(Your task)
Look below for the line that contains "Ensemble de notes" and the line that contains "[제주교통복지신문 김강석 기자]", then restate both of them and every line in between, exactly. No picture goes in the copy.

Records for the exercise Block Start

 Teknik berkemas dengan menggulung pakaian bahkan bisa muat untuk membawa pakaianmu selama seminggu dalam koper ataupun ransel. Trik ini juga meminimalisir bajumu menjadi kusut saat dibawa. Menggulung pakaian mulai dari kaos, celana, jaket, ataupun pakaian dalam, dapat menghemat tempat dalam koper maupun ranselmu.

Records for the exercise Block End
Records for the exercise Block Start

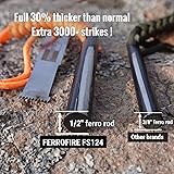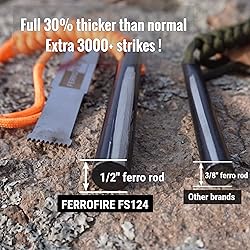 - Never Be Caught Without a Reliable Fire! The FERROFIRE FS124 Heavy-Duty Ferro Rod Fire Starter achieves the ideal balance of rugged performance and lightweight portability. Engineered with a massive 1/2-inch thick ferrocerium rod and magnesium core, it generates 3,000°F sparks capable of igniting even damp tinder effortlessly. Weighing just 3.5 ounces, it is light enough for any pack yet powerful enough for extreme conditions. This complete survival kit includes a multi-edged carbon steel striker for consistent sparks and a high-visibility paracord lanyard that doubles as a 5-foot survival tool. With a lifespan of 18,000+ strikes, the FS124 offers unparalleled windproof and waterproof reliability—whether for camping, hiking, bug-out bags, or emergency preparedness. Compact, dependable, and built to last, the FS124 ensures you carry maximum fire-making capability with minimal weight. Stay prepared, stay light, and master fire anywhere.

Records for the exercise Block End
Records for the exercise Block Start

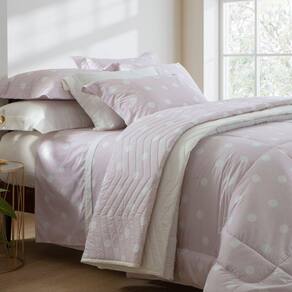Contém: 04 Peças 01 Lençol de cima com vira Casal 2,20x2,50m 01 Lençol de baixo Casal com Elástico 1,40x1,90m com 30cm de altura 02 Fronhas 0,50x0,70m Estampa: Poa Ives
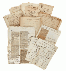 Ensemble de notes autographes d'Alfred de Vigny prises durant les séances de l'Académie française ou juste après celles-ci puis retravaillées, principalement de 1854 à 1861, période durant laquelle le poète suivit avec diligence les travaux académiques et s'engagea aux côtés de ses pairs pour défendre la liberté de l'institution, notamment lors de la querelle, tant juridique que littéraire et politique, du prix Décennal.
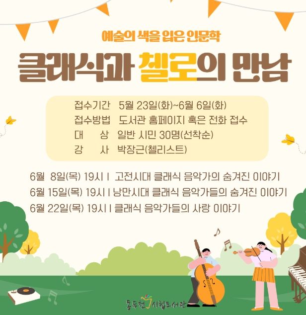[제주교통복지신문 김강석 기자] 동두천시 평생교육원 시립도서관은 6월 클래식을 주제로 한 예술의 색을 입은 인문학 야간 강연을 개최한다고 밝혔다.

Records for the exercise Block End

(Solution for this task)
 Ensemble de notes autographes d'Alfred de Vigny prises durant les séances de l'Académie française ou juste après celles-ci puis retravaillées, principalement de 1854 à 1861, période durant laquelle le poète suivit avec diligence les travaux académiques et s'engagea aux côtés de ses pairs pour défendre la liberté de l'institution, notamment lors de la querelle, tant juridique que littéraire et politique, du prix Décennal.
[제주교통복지신문 김강석 기자] 동두천시 평생교육원 시립도서관은 6월 클래식을 주제로 한 예술의 색을 입은 인문학 야간 강연을 개최한다고 밝혔다.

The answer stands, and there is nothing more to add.